With the improvement of information technology, the problem of abnormality detection in time series has become a recent research hotspot. Time series anomalies generally refer to a series of data that is significantly different from other data, and such anomalies do not refer to random deviations, but rather differences due to different mechanisms. The abnormal mode of the gas time sequence data is detected, so that a theoretical basis can be provided for the coal mine thermodynamic disasters. If the time sequence data has an abnormal mode, the change trend of the data is greatly changed, and the time sequence data can be used as a judging basis for disaster occurrence.

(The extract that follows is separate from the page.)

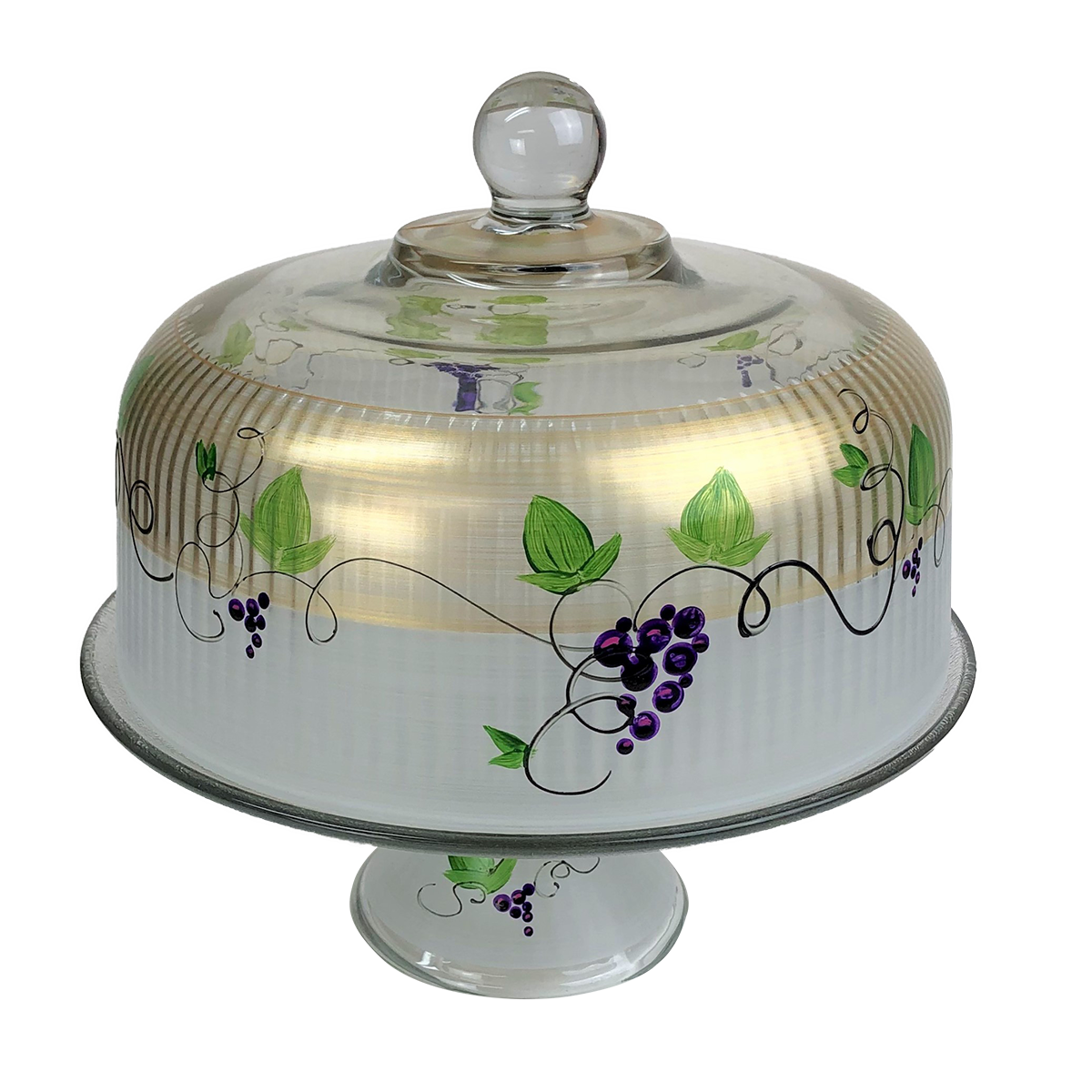 Each of our cake dome are unique and special. Carefully and lovingly hand painted by the Artistic Team at Golden Hill Studio. Our Napa Grapes n' Vines Collection features a pretty bunch of grapes on their vines....just waiting to be harvested! Golden Hill Studio is not just about fine glassware but about fine living! The studio is in a farmhouse that dates to the 1860's on 100 acres of peaceful and serene country side. A daily inspiration to beauty and nature. All photography is done either inside Golden Hill's beautifully restored farmhouse or outside in the extensive and lovely gardens!! Please hand wash.

The prior art method (CN 201910809956.9) utilizes GAN to carry out anomaly detection on a time sequence, mainly builds an anomaly detection model by using an optimized GAN generator and a discriminator, and uses the generated residual error and discrimination loss output by the model as the judgment basis for judging anomaly data. However, most of the time sequence changes are not obvious, and the direct time sequence is used as input data of the GAN, so that the characteristics are not obvious enough; meanwhile, more effective judgment criteria are obtained by using the generated residual error and the discrimination loss output by the model, and how to improve the accuracy and universality of abnormal judgment is still to be researched.
Disclosure of Invention
The invention aims to realize a time sequence abnormal mode detection method based on entropy characteristics and a neural network. The method of the invention is divided into 4 stages: extracting a second-order differential rate sample entropy feature sequence from the time sequence in the training data set; training to generate an countermeasure network model to obtain a generator and a corresponding discriminator; calculating the abnormal score of the feature sequence and constructing a threshold value; and carrying out abnormality judgment on the input data to be detected according to the threshold value. Specifically, the method of the present invention comprises the steps of:
A. extracting a second-order differential rate sample entropy feature sequence from a time sequence in a training data set, wherein the method is concretely realized as follows:
A1. dividing the training data set into two sets, namely a training data set 1 and a training data set 2;
the training data set 1 is all normal data, and the training data set 2 comprises normal data and abnormal data;
A2. for training data set 1 time series
Figure BDA0002730598460000021
Segmentation is performed by sliding the window size W and the step size d through the method 1 to obtain a sequence segment set W with the length L, wherein the ith time sequence segment is marked as s i
s i =[x 1+(i-1)d ,x 2+(i-1)d ,…,x 1+(i-1)d+w ](1)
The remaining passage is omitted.